53-1 at 241 (Grievance)). The remedy requested was that she be paid for her time off and moved from the A-crew because Barbara Stevens-McGinnis “harassed [her] in person and on the radio since 2014” and that White “harassed [her] twice in person in the December of 2018 meetings.” Id. Barbara Stevens-McGinnis (Stevens-McGinnis), a black female, was a supervisor in the converting department. (Doc. 53-2 at 54-55 (Dep. White at 65-66)). While McNeal reported to Wallace, her direct supervisor, he was only there during day shifts. (Doc. 53-2 at 54-55 (Dep. White at 65-66)). On shifts which Wallace was not there, the converting supervisor, Stevens- McGinnis, would at times direct McNeal’s work. (Doc. 53-2 at 54-55 (Dep. White at 65-66)). IP investigated McNeal’s Grievance, including interviewing McNeal, Stevens-McGinnis, White, and other employees. (Doc. 53-1 at 109-111 (Dep. McNeal at 157-160); Doc. 53-3 at 6 (Decl. White at 5); Doc. 53-2 at 49-52 (Dep. White at 60-63)). Thereafter, IP denied McNeal’s Grievance. (Doc. 53-1 at 243-44). The Union did not appeal. (Doc. 53-1 at 245-247 (email correspondence between IP’s Bay Minette Plant Manager and Union representative)).

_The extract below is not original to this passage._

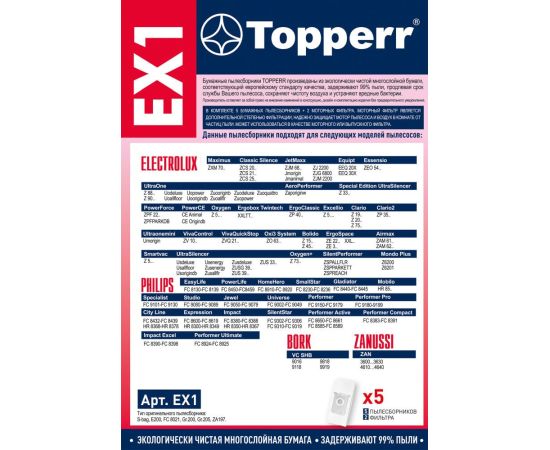 Пылесборники Topperr EX 1 бумажные (5пылесбор.) (2фильт.)

On August 6, 2019, McNeal filed a Charge of Discrimination with the Equal Employment Opportunity Commission (EEOC). (Doc. 53-1 at 251 (Charge of Discrimination)). The EEOC dismissed McNeal’s charge on August 14, 2019 concluding it was “unable to conclude that the information obtained establishes violations of the statutes.” (Doc. 53-1 at 249 (EEOC Dismissal and Notice of Rights)). McNeal brought this action against IP alleging claims for race discrimination per Title VII of the Civil Rights Act of 1964, 42 U.S.C. §2000e, et. seq., (as amended) and 42 U.S.C. § 1981, sex discrimination under Title VII, and retaliation per Title VII and Section 1981. IP now moves for summary judgment as to each of McNeal’s claims. (Docs. 52-54).

II. Standard of review

“The court shall grant summary judgment if the movant shows that there is no genuine dispute as to any material fact and the movant is entitled to judgment as a matter of law. FED. R. CIV. P. 56(a). Defendants, as the parties seeking summary judgment, bear the initial responsibility of informing the district court of the basis for their motion, and identifying those portions of the pleadings, depositions, answers to interrogatories, and admissions on file, together with the affidavits, if any, which it believes demonstrate the absence of a genuine issue of material fact. Clark v. Coats & Clark, Inc., 929 F.2d 604, 608 (11th Cir. 1991) (quoting Celotex Corp. v.